AKTUALBORNEO.COM – Pemerintahan Desa (Pemdes) adalah penyelenggaraan urusan pemerintahan dan kepentingan masyarakat setempat. Untuk hal ini peran aparatur desa adalah unjuk tombak bagi setiap daerah atau kabupaten.
Namun tak disangka kini peran desa dalam administrasi kependudukan (Adminduk), baik dalam mendata perpindahan, atau penambahan penduduk tak lagi seperti dulu. Dimana peran desa yang sejatinya wajib mengetahui setiap pendatang maupun yang berpindah domisili.
Hal itupun menjadi keluhan bagi pengurus desa, salah satunya Desa Singa Gembara Kecamatan Sangatta Utara. Ketika disambangi jurnalis Aktualborneo.com, Sekertaris Desa (Sekdes) Leonardus menyampaikan langsung keluhannya. Menurutnya data antara Disdukcapil dan Desa saat ini tidak sinkron.
“Kalau dulu setiap warga yang datang ataupun pindah wajib lapor ke RT dan RT melaporkan kedesa namun kini tidak lagi sehingga kami di desa tidak tahu jika ada penambahan atau pengurangan di daerah kami,” ucapnya kepada jurnalis aktuaborneo.com.

Leo pun menyebutkan jika data administrasi desa dalam tahun ini sangat tidak teratur alias berantakan. Bagaimana tidak, laporan warga yang masuk atau berpindah langsung diketahui oleh Disdukcapil saja. Sementara desa tidak dilibatkan dalam hal tersebut.
“Sekarang orang hanya langsung ke Capil saja untuk melaporkan diri, sementara desa tidak tahu dan tidak dikabari, orang langsung pindah dan masuk saja, kalau dulu Disdukcapil pertriwulan memang mengupdate itu kedesa namun sekarang tidak lagi, itulah sebabnya data antara Capil dan desa berbeda,” terangnya.
Ia pun menegaskan akibat dari berubahnya data administrasi desa yang langsung ke Capil, membuat peran desa tidak mengetahui mana yang wajib menerima bantuan pada masa pandemi saat ini.

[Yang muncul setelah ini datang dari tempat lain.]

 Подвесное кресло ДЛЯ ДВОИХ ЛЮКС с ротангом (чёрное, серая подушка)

“Mereka tak melapor kedesa, lalu bagaimana kami bisa tahu bahwa mereka sudah jadi warga Desa Singa Gembara, ketika ada bantuan COVID-19 mereka lantas meminta, namun kami tak punya data tentangnya,” pungkasnya.

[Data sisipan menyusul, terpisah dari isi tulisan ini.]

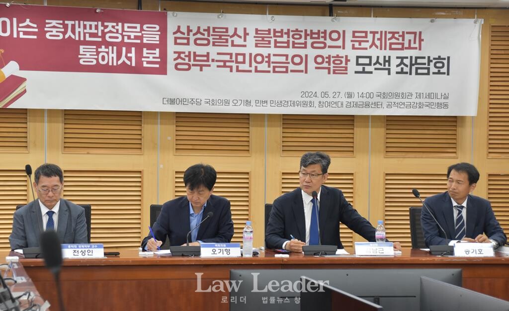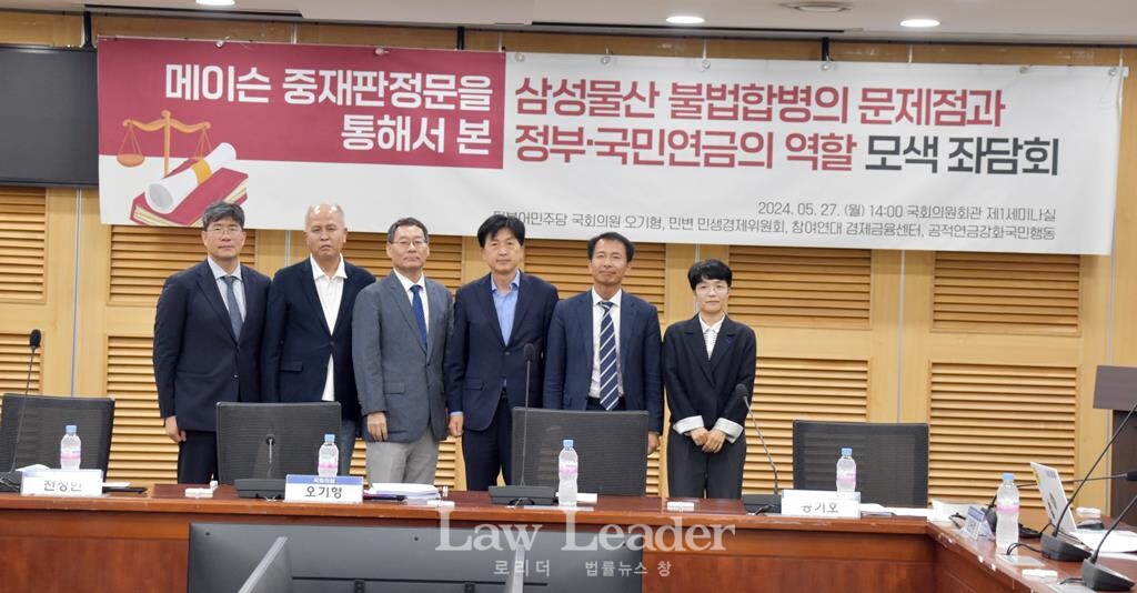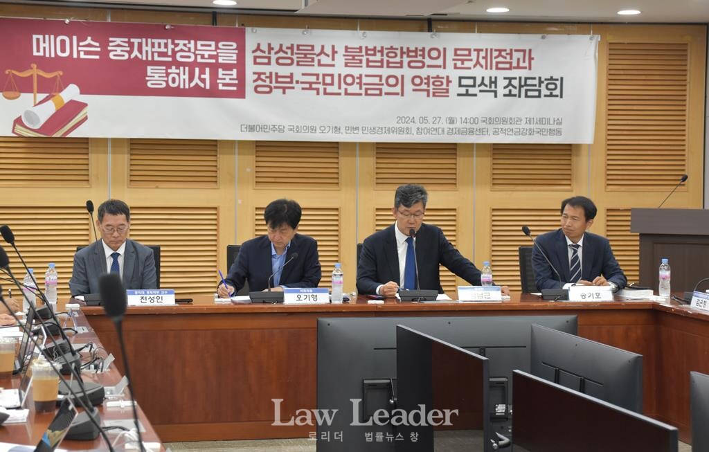 더불어민주당 오기형 국회의원과 김남근 당선인, 민주사회를 위한 변호사모임(민변) 민생경제위원회, 참여연대 경제금융센터, 공적연금강화국민행동은 5월 27일 국회의원회관 제1세미나실에서 “메이슨 중재판정문을 통해서 본, 삼성물산 불법합병의 문제점과 정부ㆍ국민연금의 역할 모색 좌담회”를 개최했다.

Selain itu juga mendekati masa Pilkada pun mengalami hal yang sama. Leo memaparkan jika data antara Disdukcapil dan Desa terus berbeda.
“Mendekati Pilkada ini juga jadi bermasalah data akurat dari desa hanya ada 200 an kepala keluarga namun dari Capil ada 400 KK. Contoh seperti di RT 22-23 data pemilih akuratnya hanya segitu namun di Capil banyak sekali. Demi mengantisipasi itu RT harus turun langsung mendata, dan lagi kesadaran masyarakat juga harusnya melapor namun susah,” tukasnya. (Vitri/ab).